Repeat only the lines below that run from the line with "サイズ | 屋根幅 4,020mm 出幅 1,485mm |" to the line with "For each player, the", ends included; skip every picture.

**** RECORDS SUPPLIED

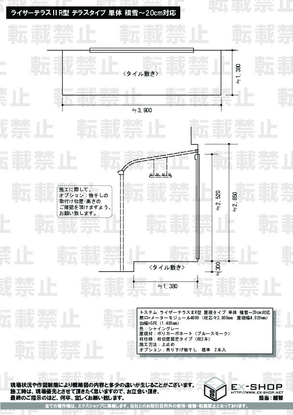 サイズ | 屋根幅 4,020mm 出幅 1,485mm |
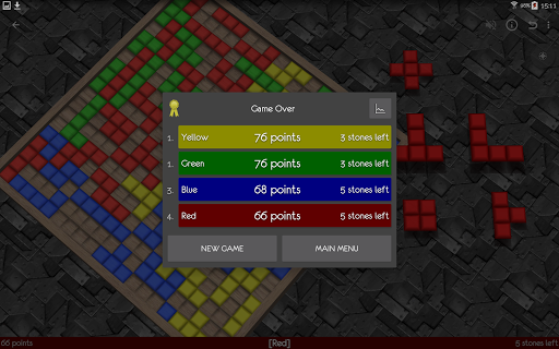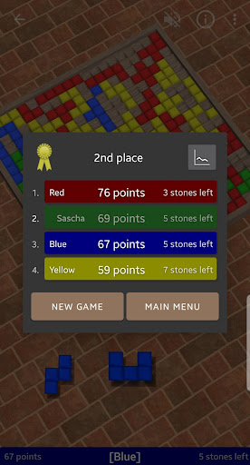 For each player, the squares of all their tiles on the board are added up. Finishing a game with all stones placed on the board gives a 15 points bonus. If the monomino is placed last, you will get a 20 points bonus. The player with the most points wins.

********
**** RECORDS SUPPLIED

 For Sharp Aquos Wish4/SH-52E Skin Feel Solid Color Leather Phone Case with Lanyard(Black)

********

RESULT OF THE TASK:
 サイズ | 屋根幅 4,020mm 出幅 1,485mm |
 For each player, the squares of all their tiles on the board are added up. Finishing a game with all stones placed on the board gives a 15 points bonus. If the monomino is placed last, you will get a 20 points bonus. The player with the most points wins.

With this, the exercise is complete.